Chlorhexidine Mouthwash Could Make Saliva Significantly More Acidic

Dentistry Today


Chlorhexidine mouthwash significantly increases the abundance of lactate-producing bacteria that lower saliva pH and may increase the risk of tooth damage, according to the University of Plymouth.

In the study, which researchers call the first looking at the effect of chlorhexidine mouthwash on the entire oral microbiome, subjects used a placebo mouthwash for seven days, followed by seven days of a chlorhexidine mouthwash.

At the end of each week, the researchers analyzed the abundance and diversity of the bacteria in the mouth and measured pH, saliva buffering capacity (or the ability to neutralize acids in the mouth), lactate, glucose, nitrate, and nitrate concentrations.

The chlorhexidine mouthwash led to a greater abundance of species within the Firmicutesand Proteobacteriafamilies as well as fewer Bacteroidetes, TM7, and Fusobacteria. This change was associated with an increase in acidity, seen in lower salivary pH and buffering capacity.

Though chlorhexidine reduced microbial diversity in the mouth, the researchers noted that more research was needed to determine if this reduction in diversity itself increased the risk of oral disease.

Saliva maintains a neutral pH in the mouth as acidity levels fluctuate as a result of eating and drinking. If saliva pH gets too low, damage can occur to the teeth and mucosa.

The research also confirmed previous studies indicating that chlorhexidine disrupted the ability of oral bacteria to turn nitrate into nitrite, a key molecule for reducing blood pressure. Lower saliva and blood plasma nitrite concentrations were found after using chlorhexidine mouthwash, followed by a trend of increased systolic blood pressure.

These findings supported earlier research led by the university showing that the blood pressure-lowering effect of exercise is significantly reduced when people rinse their mouths with antibacterial mouthwash rather than water as well.

“There is surprising lack of knowledge and literature behind the use of these products,” said Raul Bescos, PhD, of the university’s Faculty of Health.

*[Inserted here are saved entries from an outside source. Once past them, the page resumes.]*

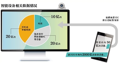 分析机构IDC预测,到2020年将有2000亿台智能设备,连接至互联网,而现在约有50亿台设备。其中包括约10亿台电脑、20亿个手机或平板电脑以及20亿个如温度监控、网络摄像机等设备。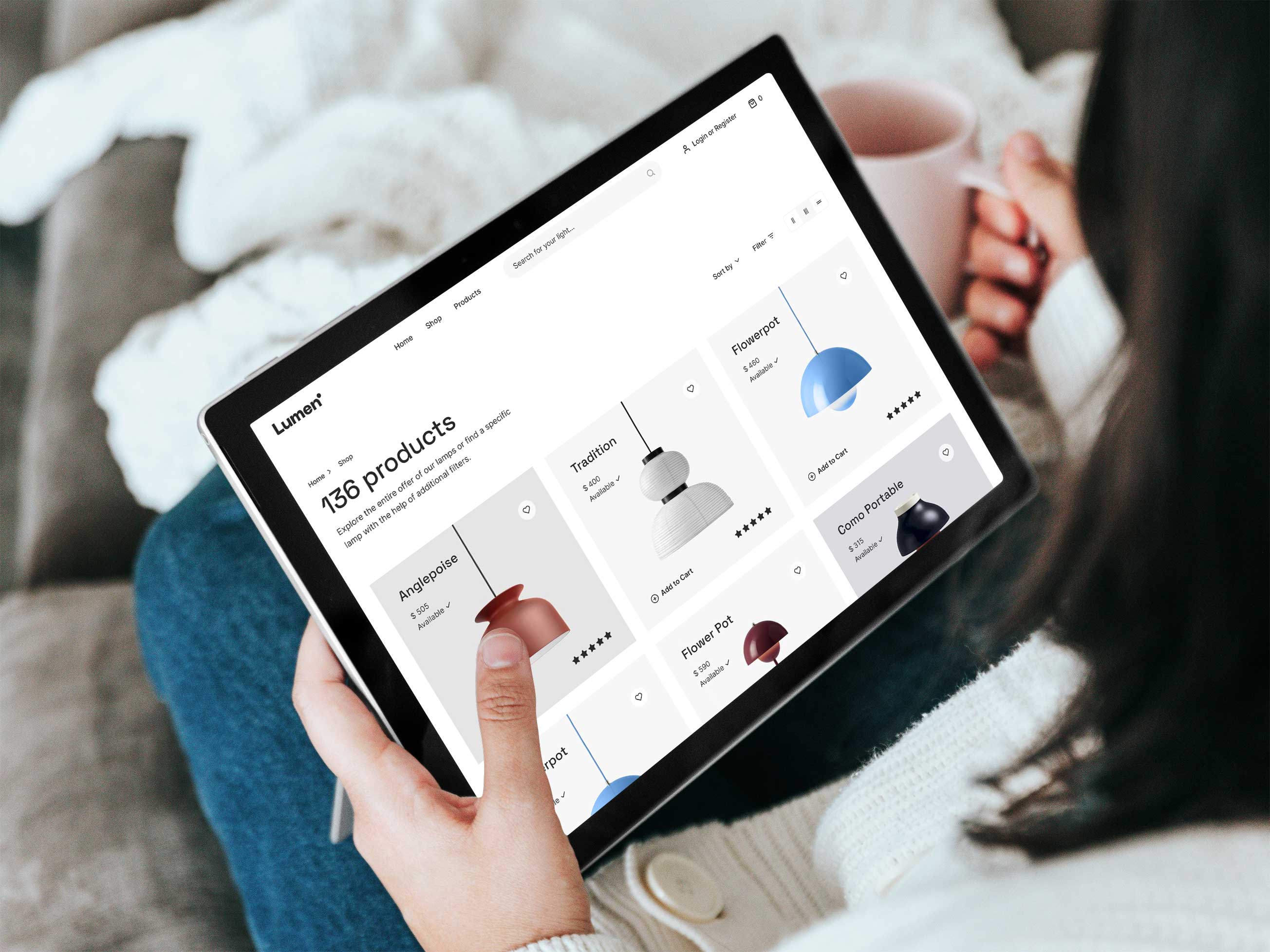 Lumen is a digital place where users can buy designer lamps. The task of the project was to come up with a brand name, then, based on the adopted name, to come up with a logo and a sales (e-commerce) website. In addition to all of this, a web design system was also created in order to make the functional units easier to scale and further transfer to development.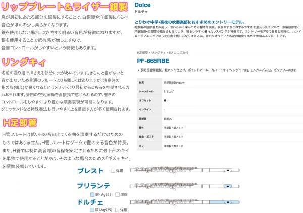 PF-665RBE フルート H足部管 Eメカニズム Dolce PF665RBE flute silver 総銀製 頭部管 TPH-6J リングキー Open-Hole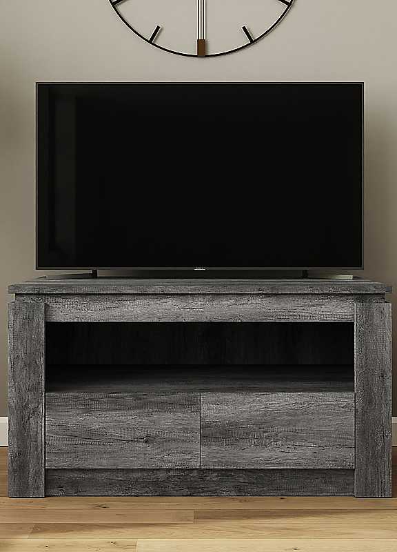 The Canyon 2 Drawer TV Unit is where functionality meets rustic design. Finished in a rich charcoal grey wood effect, this sturdy unit provides a stylish base for your TV and media setup. With a wide open shelf for consoles or decor and two deep drawers for hidden storage, it's ideal for keeping your living room neat and organised. The bold, textured look adds industrial flair, making it a standout piece in any modern or urban interior.Suggested number of people for assembly: 2Tool kit included: YesSelf-AssemblyManufacturer's 1 year guaranteeWeight of Product: 28.5kgWall anchor kit included: YesMax screen size: 40Wipe clean only, avoid household cleaners/abrasivesParticle BoardOverall assembled dimensions approx. 55H x 100W x 45D cmPlease Note: Delivery available to UK mainland only. Please remember to measure your available space before ordering. If using on an un-carpeted floor we recommend rubber or felt protection pads be used under the legs to avoid damage to your floors.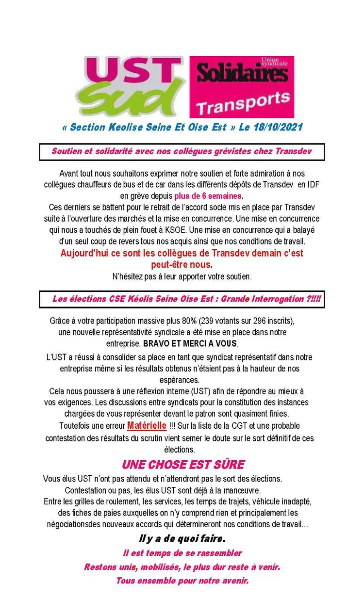 Tract keolis KSOE soutien aux grévistes de Transdev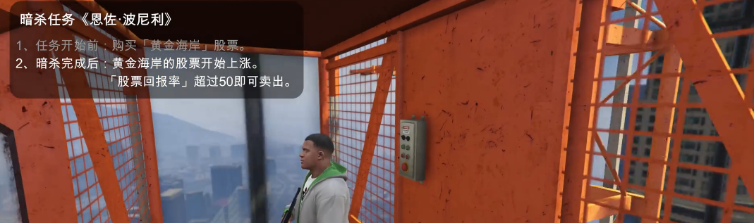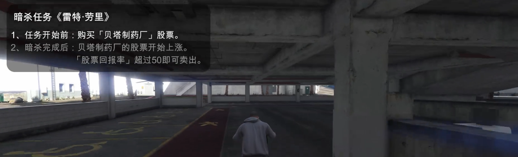 通过暗杀任务操纵股市是效率最高的刷钱方式之一。莱斯特会指派五个暗杀任务,每个任务都会对特定公司股价产生影响。例如完成酒店暗杀任务后贝塔制药股票上涨约80%,而红木烟业股票会在多重暗杀任务后暴跌。玩家需在任务前将全部资金投入目标股票,待涨幅达到峰值后抛售。建议主线任务完成后保留暗杀任务,以获得更充足的初始资金进行操作。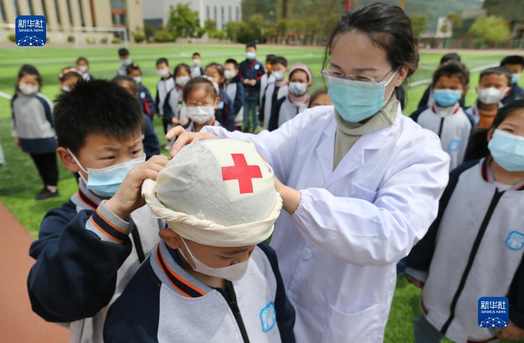 5月11日,江苏连云港市海州湾小学老师在指导小学生如何包扎头部。

“Chlorhexidine mouthwash is widely used, but research has been limited to its effect on a small number of bacteria linked to particular oral diseases, and most has been carried out in vitro,” said Bescos.

“We believe this is the first study to look at the impact of seven-day use on the whole oral microbiome in human subjects,” Bescos said.

“We have significantly underestimated the complexity of the oral microbiome and the importance of oral bacteria in the past,” said Louise Belfield, PhD, coauthor and lecturer at the Peninsula Dental School at the University of Plymouth.

“Traditionally, the view has been that bacteria are bad and cause diseases. But we now know that the majority of bacteria, whether in the mouth or the gut, are essential for sustaining human health,” said Belfield.

“As dental clinicians, we need more information on how mouthwashes alter the balance of oral bacteria, so we can prescribe them correctly. This paper is an important first step in achieving this,” said Zoe Brookes, PhD, BDS, coauthor and lecturer at the Peninsula Dental School. 

“In the face of the recent COVID-19 outbreak, many dentists are now using chlorhexidine as a pre-rinse before doing dental procedures. We urgently need more information on how it works on viruses,” said Brookes.

The study, “Effects of Chlorhexidine Mouthwash on the Oral Microbiome,” was published by Scientific Reports.